In the 1980s, during one of my early sojourns in Japan, I had the opportunity to visit Hiroshima Peace Park: the museum as monument to the destruction of the atomic bomb and the iconic dome, the remnants of one of the buildings left behind. I think it has had a major impact on the direction of my work.
|Gallipoli veteran from the 75th commemoration|
It brings me to the mixed feelings about Anzac Day. Sitting in the studio last night we saw serving defence personnel stating their positions. We saw retired and discharged personnel, stating their contrary and sometimes painfully articulated positions. We saw, overwhelmingly I think, exactly what the 'other 364 days', as the show was subtitled, mean when we take away the hero status, the nationalism, the pride of Anzac Day. This is not a criticism.

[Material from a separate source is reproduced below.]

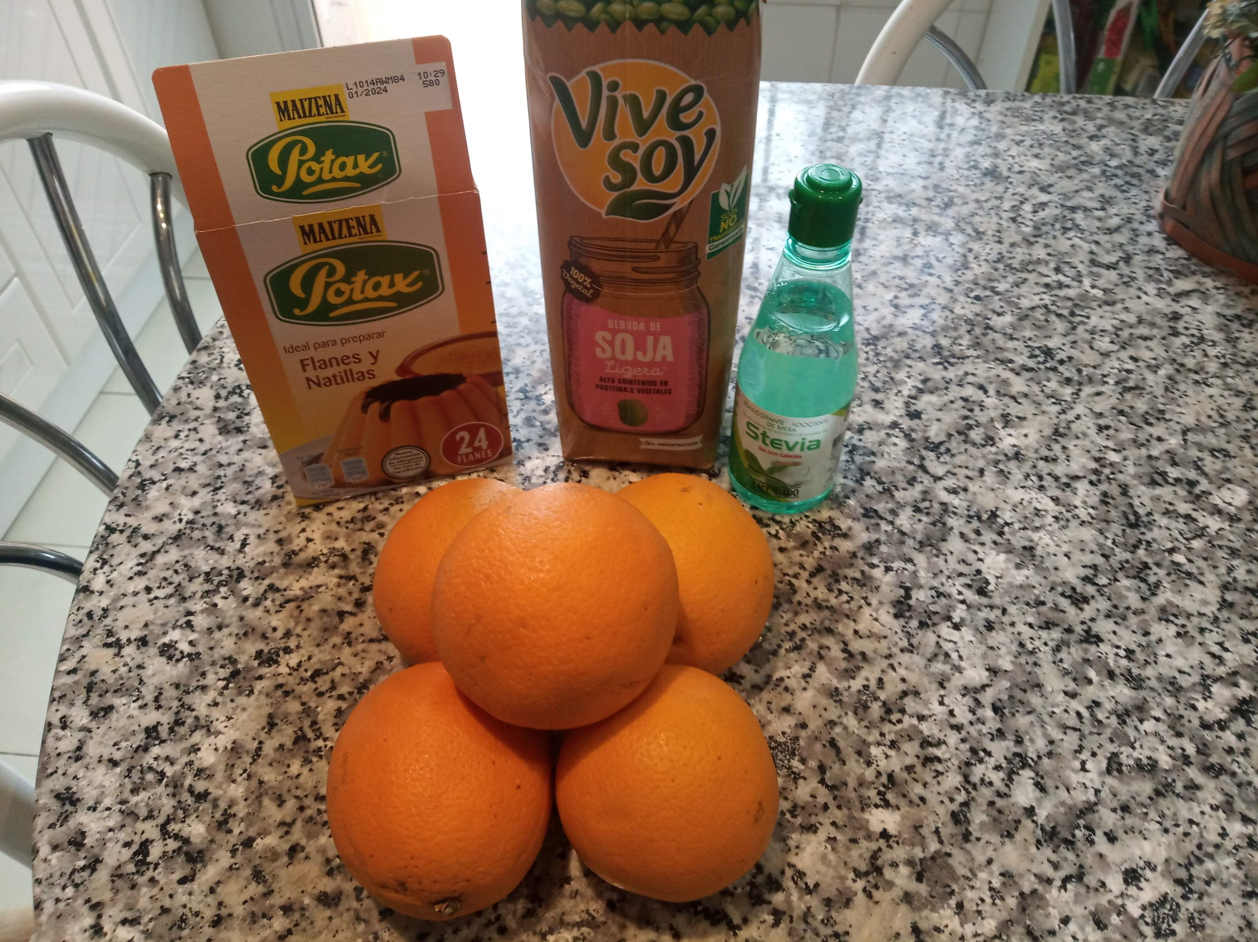 Receta tomada de Flan Potax con galletas, sustituyendo parte de la leche por zumo de naranja o clementina.

Although I have my views about the futility of war, I nonetheless respect those who seek to commemorate it in important ways, in ways that matter to them. Indeed, as a community band member, I have played in bands on Anzac Day, whether part of the dawn service, part of the march or the dance band in the sub-branch later in the day...(provided I kept my Japanese-speaking, republican feminist ant-war views to myself (^_^*)...)

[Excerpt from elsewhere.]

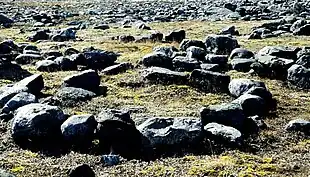 Dans la même région, le site de l'île Walrus (anciennement Hvalros O, ou Hvalrosø[199],[193]), localisé à 2 km de l'île Sabine en direction de l'est[Note 35], a révélé deux vestiges d'habitations saqqaquiennes en pierre. Ces habitats préhistoriques, établies sur la partie nord-ouest de l'île Walrus, présentent chacune un espace dégagée et un plan au sol de forme ovale. La présence d'éclats fabriqués en basalte à grain fin et issus de la réalisation de bifaces débités retrouvés à l'intérieur des vestiges, a permis d'attester que ces deux habitats ont été occupés par des saqqaquiens[201].

|Nurses marching, Canberra, 1990|
In my years of teaching, I had encountered some returned and retired service personnel who had returned to university to study, many of them veterans of Vietnam, or 'nashos', national service personnel, and occasionally someone who had been on a humanitarian peacekeeping mission. Increasingly, I see in my classes, our new generation of veterans, people in their twenties, returning from service in a futile 'War on Terror', in Afghanistan or Iraq. I hope we we've learnt our Vietnam lessons well and these young men and women do not have ahead of them the experience so many Vietnam vets had.
Last night, in the ABC studio, it was a mixture of these thoughts running through my mind. 'Why was I there?' as Rebecca asked the question...was some sort of voyeurism I wondered? I've not served. I don't like war. No member of my close family has been involved. I would temper, if I could, the growing nationalist sentiment I see in Anzac commemorations. In the end, it was many things. Yes, I want to continue my work on finding the causes of peace, I'd like to see a mass outbreak of it in fact. I'd like to make war redundant.
But right now, listening to the stories last night of our returned service personnel, I want, more than most things, to do what I can to acknowledge their service and to value the experiences of those who have been, who subsequently find themselves in my classrooms--those who served, and their families who are also affected on so many levels. Their presence in the classroom changes the dynamic of the discussion when the words in the textbook are lifted off the page by one student who can say she or he was there in Timor, or Iraq or took two tours to Afghanistan. They have seen human nature at its worst, and sometimes, at its best...and in solving the Hobbesian/Kantian puzzle, that's got to count for something.
As always, it was #ourABC at its very best. Thanks to Rebecca, Matt and everyone who was there.